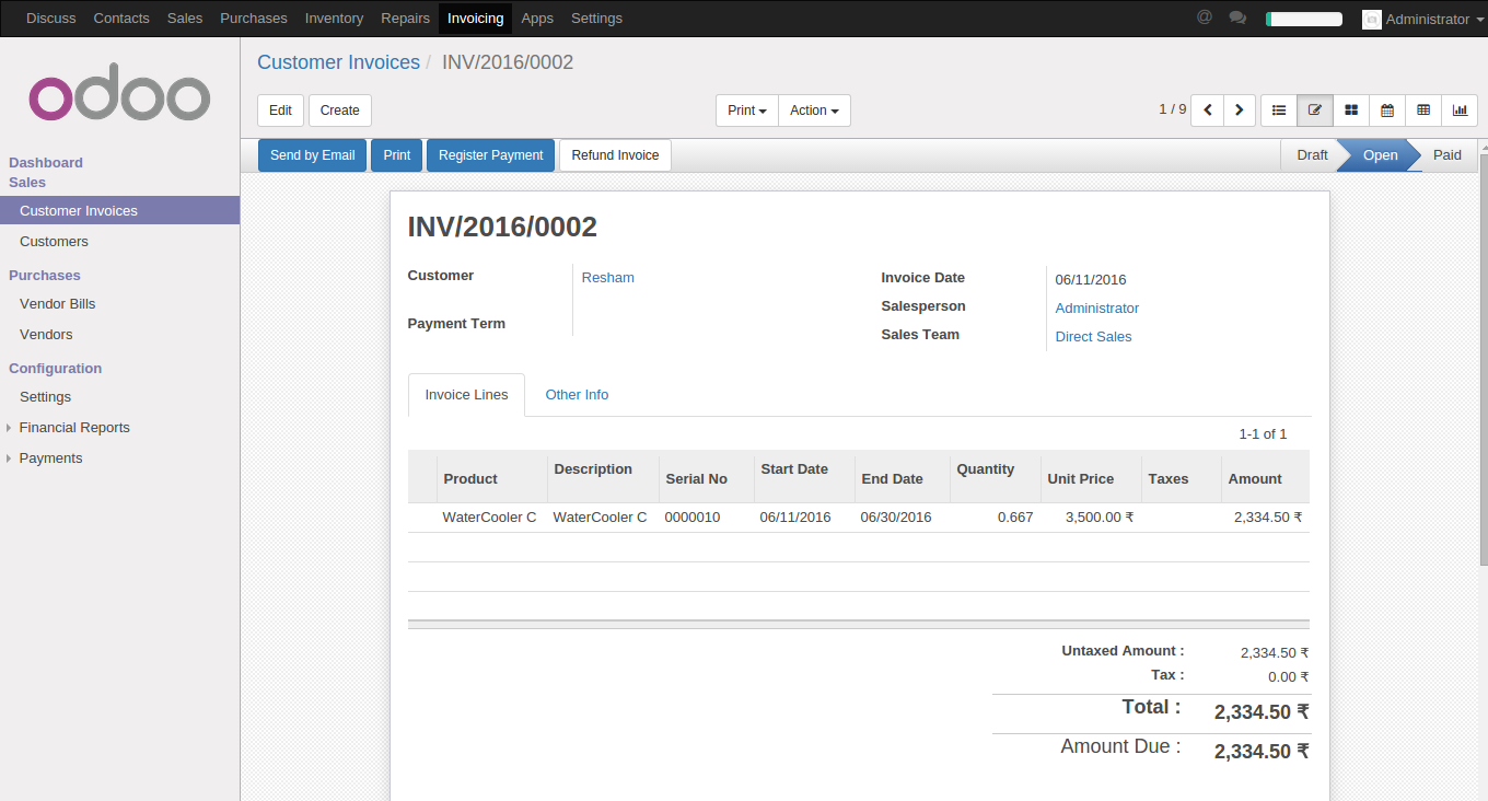 It also facilitates to analyse the equipment or product ROI based on Total Rent Collected for a specific period which is updated based upon the payment received against the invoice raised.
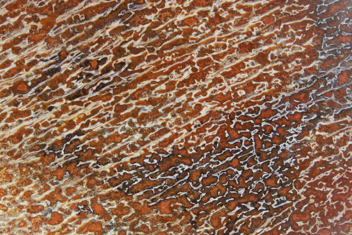 Dinosaur gembone (agatized dinosaur bone) forms when the porous structure of dinosaur bone is replaced by silica-rich minerals like agate, chalcedony, or jasper. This preserves the bone’s internal cell patterns, creating striking, web-like textures visible when polished.
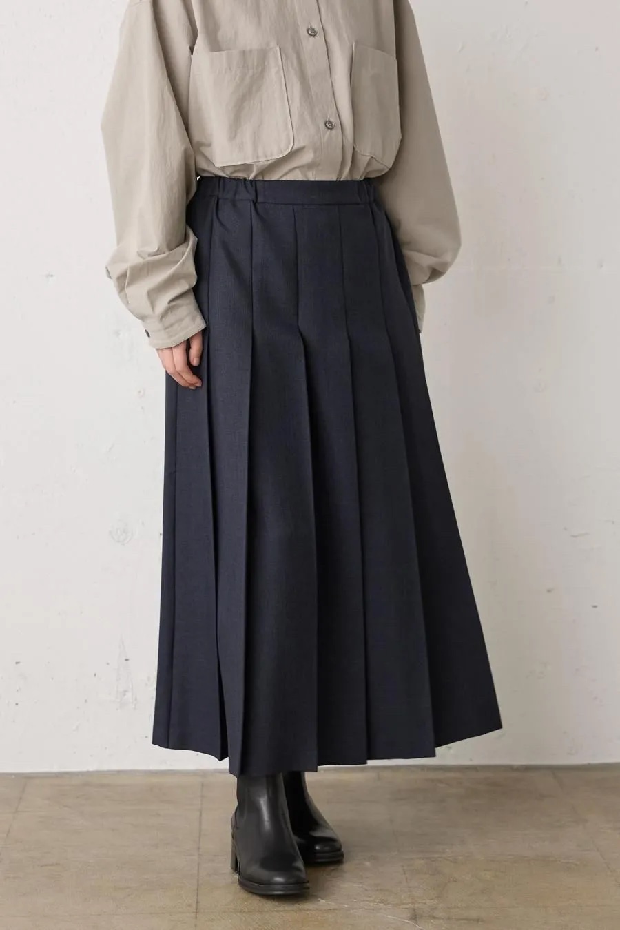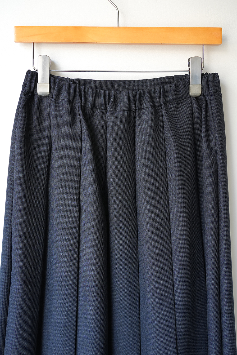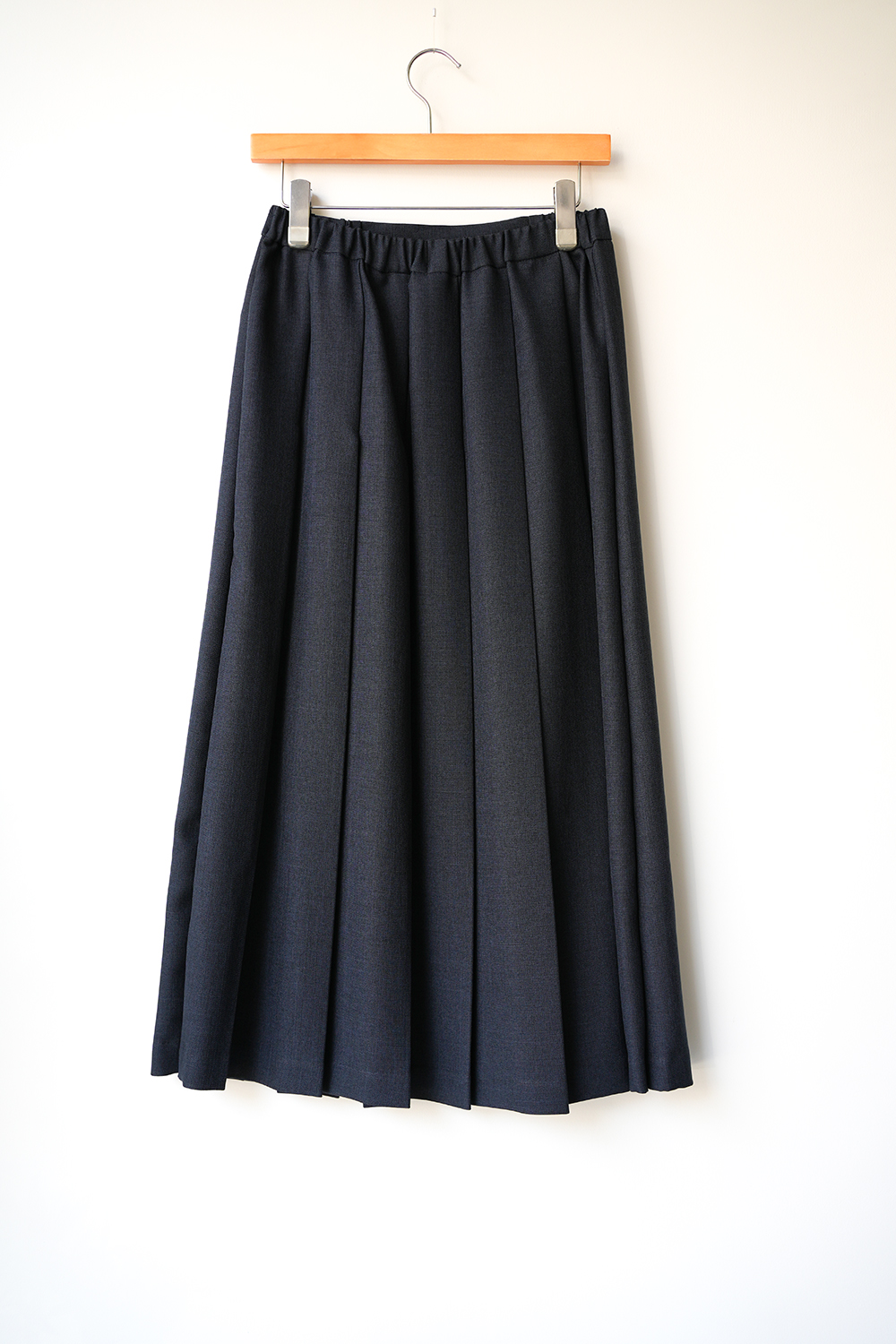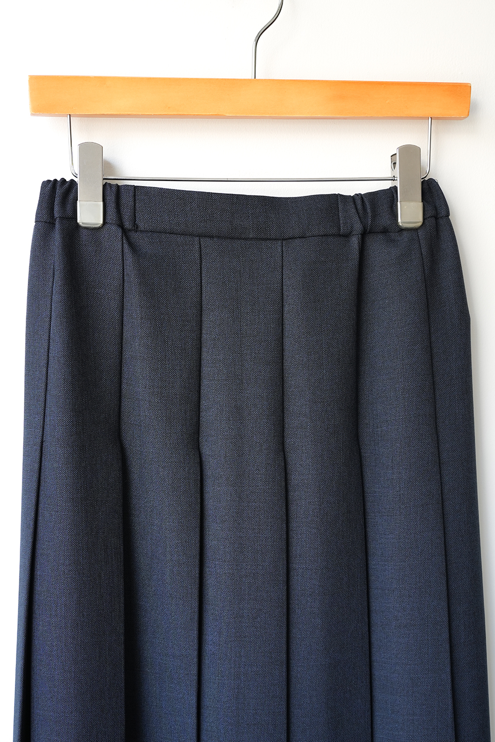ウールツイードのような上質な表情を持つポリエステル素材を使用したプリーツスカート。程よい厚みとハリ感がありながらも、軽やかで美しい落ち感が特徴の素材です。動くたびに生まれる自然なドレープが女性らしさを引き立て、上品な印象に仕上げてくれます。デザインは片ひだのプリーツ仕様で、ほどよいボリューム感とすっきりとしたシルエットを両立。トップスをインしてもアウトしてもバランスよくまとまり、幅広いスタイリングに対応します。ウエスト後ろ部分はゴムの為、楽に着用いただけます。
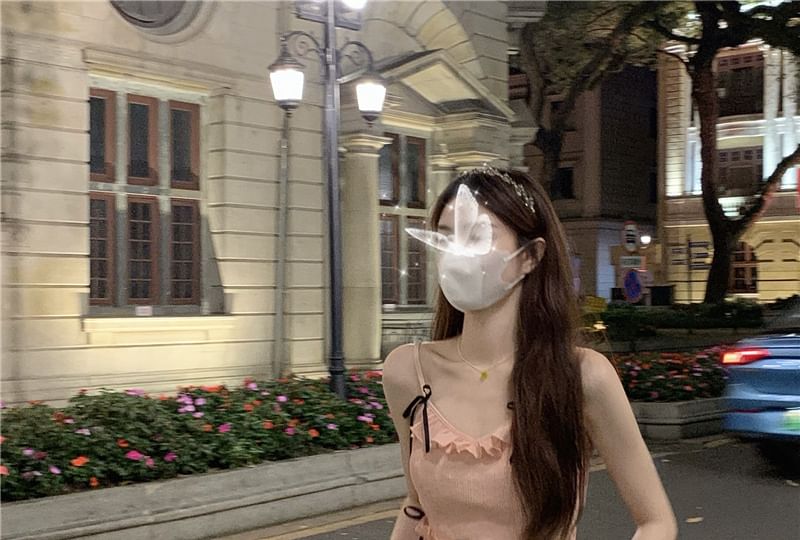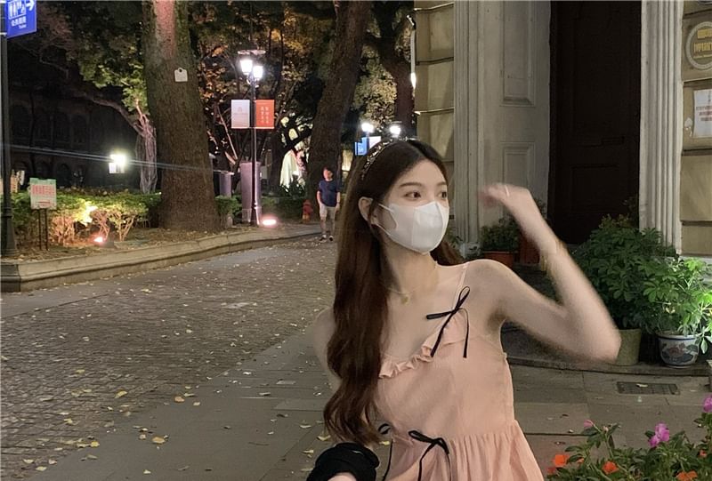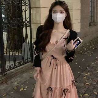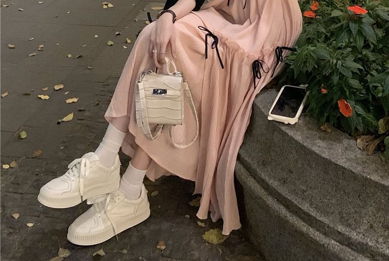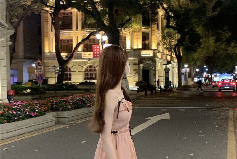 Spaghetti Strap Plain Bow Ruffled Midi A

§ **TASK INSTRUCTIONS**:
Return every line above exactly, omitting images.

§ **OUTPUT FOR THIS EXERCISE**:
 It also facilitates to analyse the equipment or product ROI based on Total Rent Collected for a specific period which is updated based upon the payment received against the invoice raised.
 Dinosaur gembone (agatized dinosaur bone) forms when the porous structure of dinosaur bone is replaced by silica-rich minerals like agate, chalcedony, or jasper. This preserves the bone’s internal cell patterns, creating striking, web-like textures visible when polished.
ウールツイードのような上質な表情を持つポリエステル素材を使用したプリーツスカート。程よい厚みとハリ感がありながらも、軽やかで美しい落ち感が特徴の素材です。動くたびに生まれる自然なドレープが女性らしさを引き立て、上品な印象に仕上げてくれます。デザインは片ひだのプリーツ仕様で、ほどよいボリューム感とすっきりとしたシルエットを両立。トップスをインしてもアウトしてもバランスよくまとまり、幅広いスタイリングに対応します。ウエスト後ろ部分はゴムの為、楽に着用いただけます。
 Spaghetti Strap Plain Bow Ruffled Midi A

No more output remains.